■ **To do**
How many lines in the listing contain the word "Please"? Reply with the number alone.

■ **Supplied material**
- - - - - - -
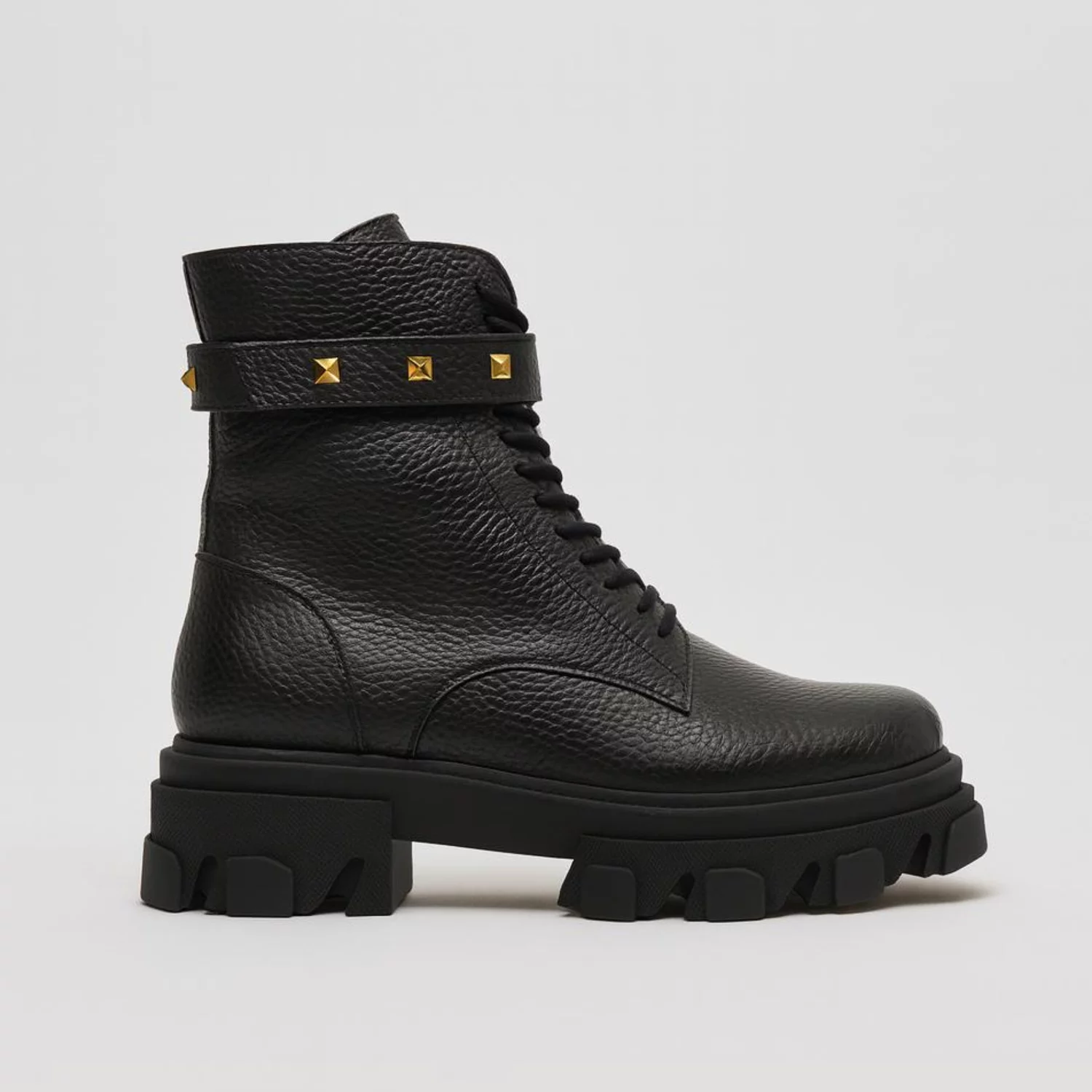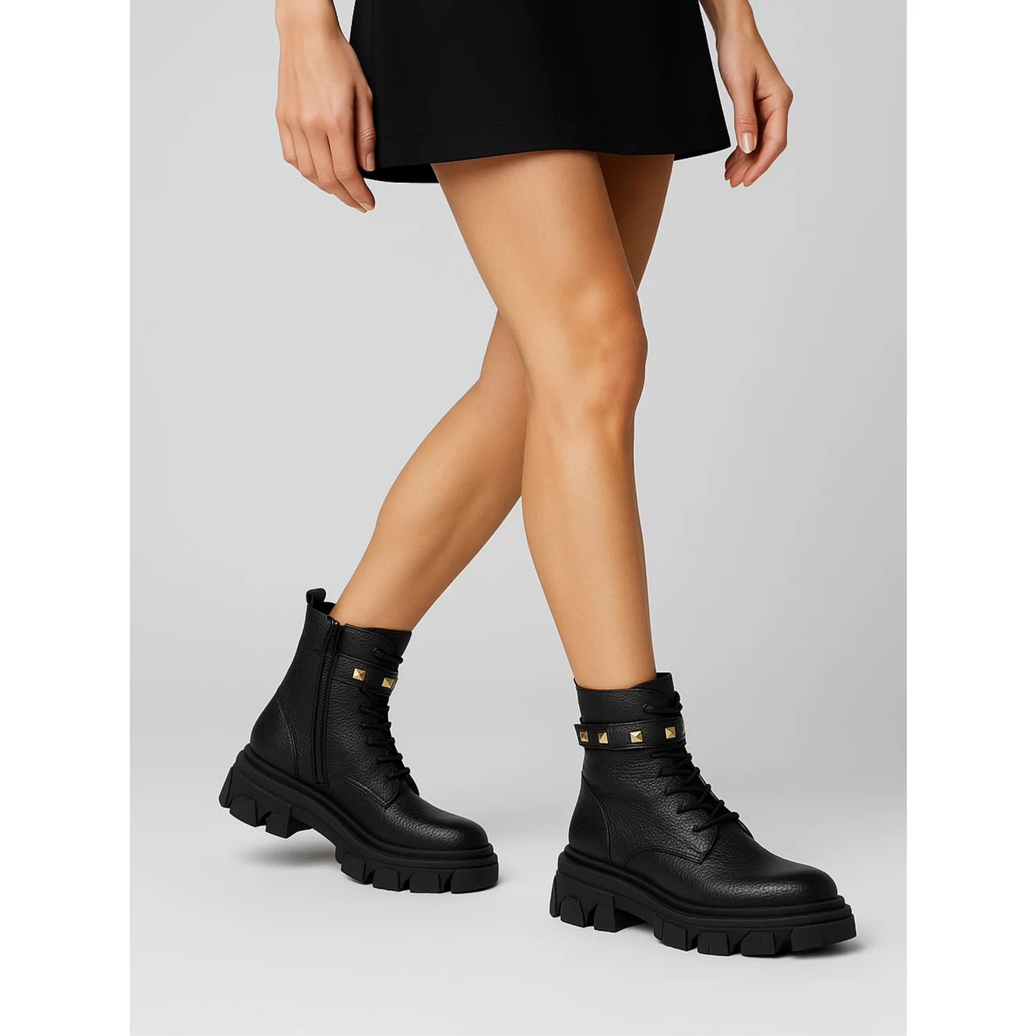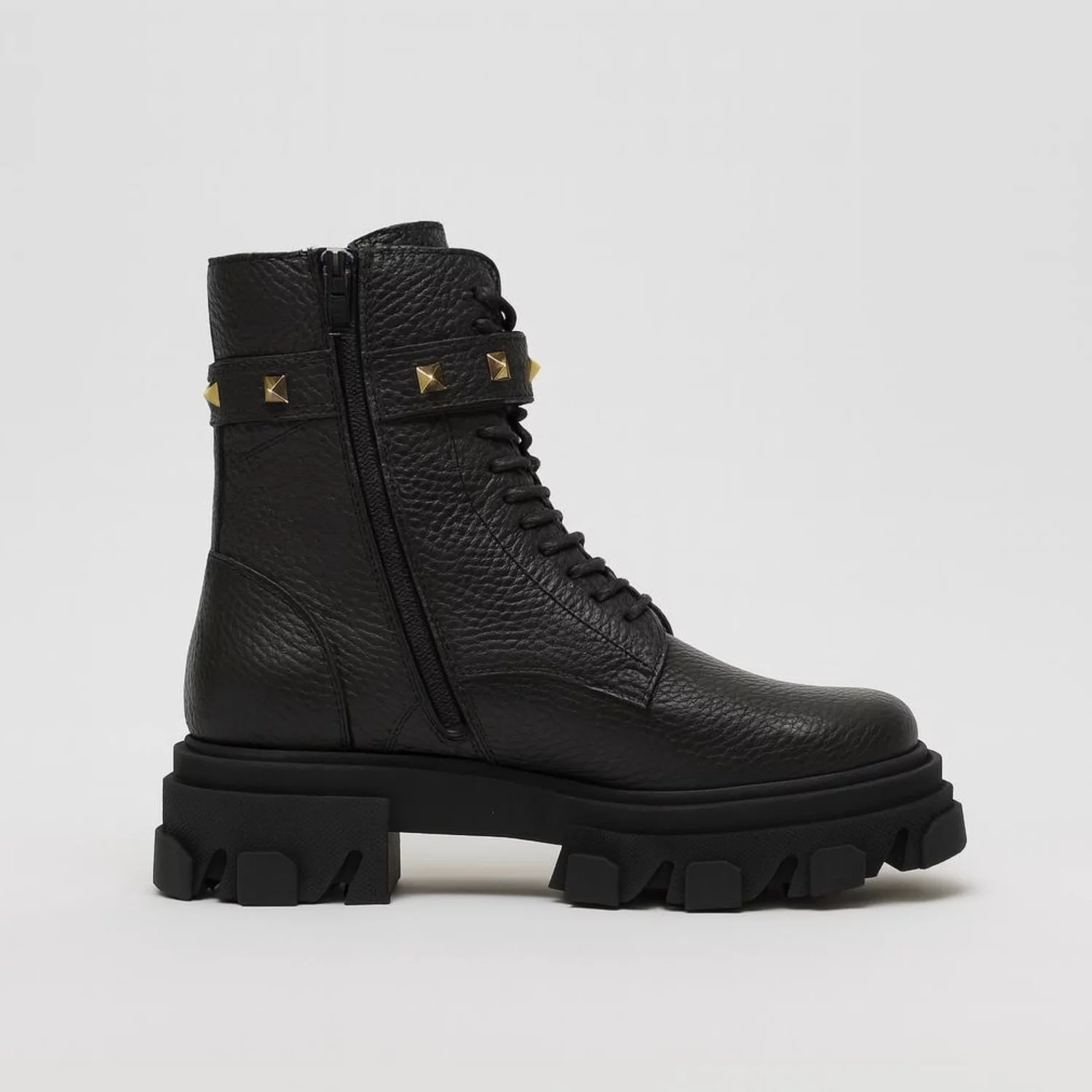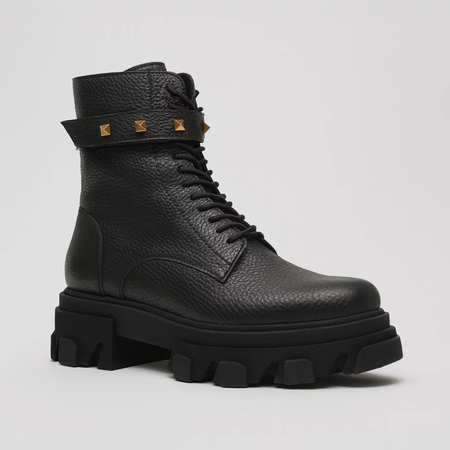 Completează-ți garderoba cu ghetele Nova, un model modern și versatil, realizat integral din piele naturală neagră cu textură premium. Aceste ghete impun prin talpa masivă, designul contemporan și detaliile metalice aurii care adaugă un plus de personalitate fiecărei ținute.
- - - - - - -
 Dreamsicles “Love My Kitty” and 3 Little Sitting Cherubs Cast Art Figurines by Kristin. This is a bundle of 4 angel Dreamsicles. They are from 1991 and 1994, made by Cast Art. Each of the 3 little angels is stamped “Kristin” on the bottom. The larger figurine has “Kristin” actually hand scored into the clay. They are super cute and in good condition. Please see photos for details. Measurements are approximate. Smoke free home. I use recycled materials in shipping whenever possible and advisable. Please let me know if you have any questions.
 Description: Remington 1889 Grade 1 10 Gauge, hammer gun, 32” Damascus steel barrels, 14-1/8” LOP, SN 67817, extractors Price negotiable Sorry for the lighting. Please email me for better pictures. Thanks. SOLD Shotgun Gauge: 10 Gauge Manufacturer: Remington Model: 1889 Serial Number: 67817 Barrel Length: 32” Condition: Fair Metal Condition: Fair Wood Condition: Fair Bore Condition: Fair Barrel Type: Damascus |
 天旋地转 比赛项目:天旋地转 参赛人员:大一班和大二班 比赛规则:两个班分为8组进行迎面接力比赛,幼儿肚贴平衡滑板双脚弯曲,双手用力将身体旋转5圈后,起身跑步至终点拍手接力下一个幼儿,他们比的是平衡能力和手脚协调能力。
- - - - - - -
■ **Answer to this task**
2